Après la perte de sa fille adorée et de son unique fils tous deux exécutés à distance par l’intermédiaire d’un de ces drones qui survolent le pays, Sher Ali délaisse désormais la contrebande dans les contrés tribales des pachtounes, pour prendre part à la résistance contre l’envahisseur américain et assouvir ainsi sa soif de vengeance en se prenant aux intérêts du mystérieux groupuscule 6N responsable la mort de ses enfants. Il y va de son honneur, le pukhtu, et de celui de tous les membres de son clan qui le suivent dans une succession d’attentats et d’embuscades sanglantes. Mais les hommes du 6N, anciens soldats devenus mercenaires, ne sont pas des enfants de cœur comme le constate Fox, guerrier clandestin en quête de rédemption, qui met à jour un trafic d’héroïne mis en place par ses camarades. D’une guerre ouverte en conflits clandestins sur fond de compromissions et de trafics en tout genre, les échos des belligérances afghanes résonnent dans tous les coins du globe.

Un pavé dans la mare, tel pourrait être la définition de Pukhtu Primo, roman foisonnant qui met à jour avec force de documentation et de réalisme, le marasme du conflit en Afghanistan. Avec Fox et quelques autres personnages, DOA prolonge ainsi son fameux roman Citoyens Clandestins où l’on assistait avec le point de vue bien ancré de ses personnages à la lutte entre les différents services de renseignement français traquant un groupuscule islamiste. Pukhtu reprend la même dynamique avec d’avantage de protagonistes qui incarnent les multiples conséquences d’un conflit dont les enjeux deviennent de plus en plus globalisés. On y découvre avec effarement que les forces armées américaines ne sont pas si nombreuses et que ce déficit est suppléé par des entreprises privées qui prennent le pas sur les agences officielles. Plus que les trafics, plus que la corruption, ce business de mercenariat s’inscrit dans une logique de compromission sur fond d’exemplarité démocratique que l’on souhaite importer dans un pays qui possède son propre code de l’honneur. Quel sens donner à tout cela, c’est ce que Fox cherche à comprendre au delà des considérations cyniques de ses camarades. Pour son adversaire Sher Ali, tout semble plus simple avec cette logique de vengeance.
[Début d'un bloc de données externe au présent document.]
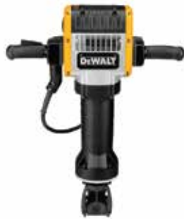
Rompe Pavimentos 30kg Encastre 28mm Hexagonal

Control Activo de Vibración AVC / Módulo electrónico de arranque progresivo para mayor control y potencia constante / 3 sistemas antivibración: Sistema SHOCK® / Sistema de mango suspendido / Mangos recubiertos de goma.

Mais il y a les trahisons, les pertes humaines et le doute qui s’installe en pensant à la douceur de sa fille défunte qui n’approuverait certainement pas toute cette haine.

Un texte dense, parfois trop documenté, Pukhtu est un roman saisissant où l’on appréciera la série de portraits de personnages parfois ambivalents que dresse l’auteur dans un récit qui ressemblerait à une série dont la première saison sert à mettre en place les principales intrigues narratives qui trouveront leurs issues dans un second opus qui sortira au printemps 2016. Le glossaire dressant l’inventaire des protagonistes du roman ne sera pas de trop. Si les portraits de la plupart d’entre eux sont extrêmement bien élaborés, on regrettera toutefois l’aspect trop stéréotypé, voir caricatural des personnages féminins qui évoluent à Paris.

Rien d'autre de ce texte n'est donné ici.